On 09/24/2011 03:23 AM, Brian Harring wrote:
[...] Right now, zlib does the
exact opposite of what should be done; Vapier changed zlib, and tries to
fix the packages that break because of that change.  The correct way to
handle it is to let zlib be, and fix the packages that stopped working
with zlib 1.2.5.1.

Why is that the correct way?  Because we don't know yet what upstream is
planning.  We don't know if they'll rename those macros.  If they won't,
then Gentoo is creating problems for itself.  Packages that won't build
out of the box on Gentoo's zlib will need to be patched.  And you can't
go to upstream of those packages with that patch, because it's none of
their business.  They know their code works against vanilla zlib, they
have no reason to change it.  If Gentoo decides to break a base library
by making it incompatible with the upstream version, it's their own fault.
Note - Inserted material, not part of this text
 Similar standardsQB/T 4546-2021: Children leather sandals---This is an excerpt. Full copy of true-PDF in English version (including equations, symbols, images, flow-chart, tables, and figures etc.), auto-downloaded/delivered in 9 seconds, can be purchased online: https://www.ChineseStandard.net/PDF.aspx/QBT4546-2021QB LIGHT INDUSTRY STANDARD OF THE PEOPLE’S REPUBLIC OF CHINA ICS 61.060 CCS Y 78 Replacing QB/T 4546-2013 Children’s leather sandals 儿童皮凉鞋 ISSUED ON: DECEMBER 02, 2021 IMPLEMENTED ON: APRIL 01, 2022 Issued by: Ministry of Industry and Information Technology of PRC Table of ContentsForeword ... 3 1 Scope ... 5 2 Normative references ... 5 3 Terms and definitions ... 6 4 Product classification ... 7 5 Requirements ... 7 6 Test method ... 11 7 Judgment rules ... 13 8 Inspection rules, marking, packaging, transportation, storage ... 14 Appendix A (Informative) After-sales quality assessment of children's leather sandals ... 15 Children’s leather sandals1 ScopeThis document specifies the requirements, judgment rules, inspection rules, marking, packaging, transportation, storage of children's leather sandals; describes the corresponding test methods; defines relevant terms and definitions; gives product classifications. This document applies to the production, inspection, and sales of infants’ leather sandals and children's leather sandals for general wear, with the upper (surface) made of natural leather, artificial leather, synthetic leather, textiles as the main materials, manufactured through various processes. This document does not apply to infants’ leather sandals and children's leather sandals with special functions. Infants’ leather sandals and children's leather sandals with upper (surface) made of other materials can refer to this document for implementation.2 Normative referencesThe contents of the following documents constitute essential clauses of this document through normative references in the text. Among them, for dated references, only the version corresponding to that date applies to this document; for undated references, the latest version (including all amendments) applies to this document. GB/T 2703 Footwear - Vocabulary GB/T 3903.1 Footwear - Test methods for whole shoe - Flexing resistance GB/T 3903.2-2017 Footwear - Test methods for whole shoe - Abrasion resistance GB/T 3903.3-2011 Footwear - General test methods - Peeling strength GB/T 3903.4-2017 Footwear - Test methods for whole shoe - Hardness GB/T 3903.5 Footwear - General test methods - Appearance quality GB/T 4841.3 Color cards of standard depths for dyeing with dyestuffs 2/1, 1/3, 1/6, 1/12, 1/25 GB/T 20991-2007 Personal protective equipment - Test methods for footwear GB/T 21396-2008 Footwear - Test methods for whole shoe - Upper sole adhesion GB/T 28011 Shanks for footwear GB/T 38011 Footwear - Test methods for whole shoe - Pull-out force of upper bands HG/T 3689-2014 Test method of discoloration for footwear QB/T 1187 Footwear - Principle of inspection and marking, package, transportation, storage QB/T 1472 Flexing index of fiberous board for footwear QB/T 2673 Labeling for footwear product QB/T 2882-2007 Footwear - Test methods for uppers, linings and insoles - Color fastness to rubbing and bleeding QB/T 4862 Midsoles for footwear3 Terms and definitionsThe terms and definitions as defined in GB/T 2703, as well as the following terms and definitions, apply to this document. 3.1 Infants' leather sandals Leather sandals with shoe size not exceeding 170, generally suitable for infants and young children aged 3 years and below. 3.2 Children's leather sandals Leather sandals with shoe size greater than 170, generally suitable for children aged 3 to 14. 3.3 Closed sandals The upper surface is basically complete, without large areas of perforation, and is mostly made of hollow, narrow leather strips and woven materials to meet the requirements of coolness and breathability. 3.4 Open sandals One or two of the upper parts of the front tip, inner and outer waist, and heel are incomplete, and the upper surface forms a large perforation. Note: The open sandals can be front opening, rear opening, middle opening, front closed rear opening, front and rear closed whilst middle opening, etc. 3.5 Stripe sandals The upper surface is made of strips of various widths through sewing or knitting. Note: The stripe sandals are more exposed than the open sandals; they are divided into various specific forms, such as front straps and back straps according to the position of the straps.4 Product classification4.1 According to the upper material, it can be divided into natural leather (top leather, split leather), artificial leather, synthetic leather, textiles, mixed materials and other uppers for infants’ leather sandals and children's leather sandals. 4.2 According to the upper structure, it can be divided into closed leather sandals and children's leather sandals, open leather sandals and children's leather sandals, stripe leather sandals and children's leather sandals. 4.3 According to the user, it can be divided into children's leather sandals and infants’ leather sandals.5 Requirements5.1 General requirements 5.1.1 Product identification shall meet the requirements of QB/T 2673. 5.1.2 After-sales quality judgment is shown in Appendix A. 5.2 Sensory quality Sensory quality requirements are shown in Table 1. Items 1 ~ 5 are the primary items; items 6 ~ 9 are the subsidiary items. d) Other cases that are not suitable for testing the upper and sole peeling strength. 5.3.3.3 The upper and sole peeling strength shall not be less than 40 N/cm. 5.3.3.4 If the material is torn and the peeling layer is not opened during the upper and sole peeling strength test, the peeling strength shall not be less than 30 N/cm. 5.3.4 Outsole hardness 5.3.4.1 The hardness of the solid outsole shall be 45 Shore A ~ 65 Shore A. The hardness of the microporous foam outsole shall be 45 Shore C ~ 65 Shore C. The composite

"Incompatible with upstream version" ?

Why in quotes?


Quick bug count, 12 packages (most of which are doing bad things in
their header usage) went boom.

13 out of *608* packages.  I reiterate, 6-!@#*ing-hundred-and-8.  If
that 13 became 50 I'd be viewing this differently, but half the time
core pkg upgrades break that /alone/ (meaning upstream induced
breakage).

The packages that break with vanilla zlib 1.2.5.1 (like Lynx, which I fixed myself and sent upstream) are less than those that break with r1 and r2. So that argument doesn't hold. Also, you didn't rebuild the whole tree, so there's no way of knowing whether there's 13 packages that break or 130.


The packages are broken; while vapier is mildly ahead of the curve,
updating upstream is going in parallel.

If vapier is such an expert, why did he use _Z_ as the prefix for those macros? It's a well known fact that identifiers beginning with an underscore and followed by a capital letter (or another underscore) are reserved in C and shouldn't be used.


I strongly suspect you've got the unstated 13th, or hit some fallout
thus why you're pushing on this as hard as you are.  While that sucks
for you, you'd have hit the same breakage once upstream releases the
API change.

Introducing something to the tree that is known to break packages means it's better to mask it. On top of that, zlib 1.2.5.1 is a beta version, which supports masking more strongly when you combine it with the breakage.


All vapier is doing is frankly fixing the offending packages (which
those patches then go upstream) so the upstream zlib change can be
made w/out any fallout.

If upstream accepts the changes, then that's good work. But not when doing that with an unmasked package. ~arch is for testing. We tested. Now we know it's borked, so mask it. When it looks ready, unmask it for another round of wide testing.


By and large, this is good open source behaviour, and fits with the
gentoo "don't fuck with upstream's releases" philosophy (which is
aimed at avoiding the sort of hellacious backporting/monkey-patching
debian/fedora are known for).

But we *did* fuck with upstream's release.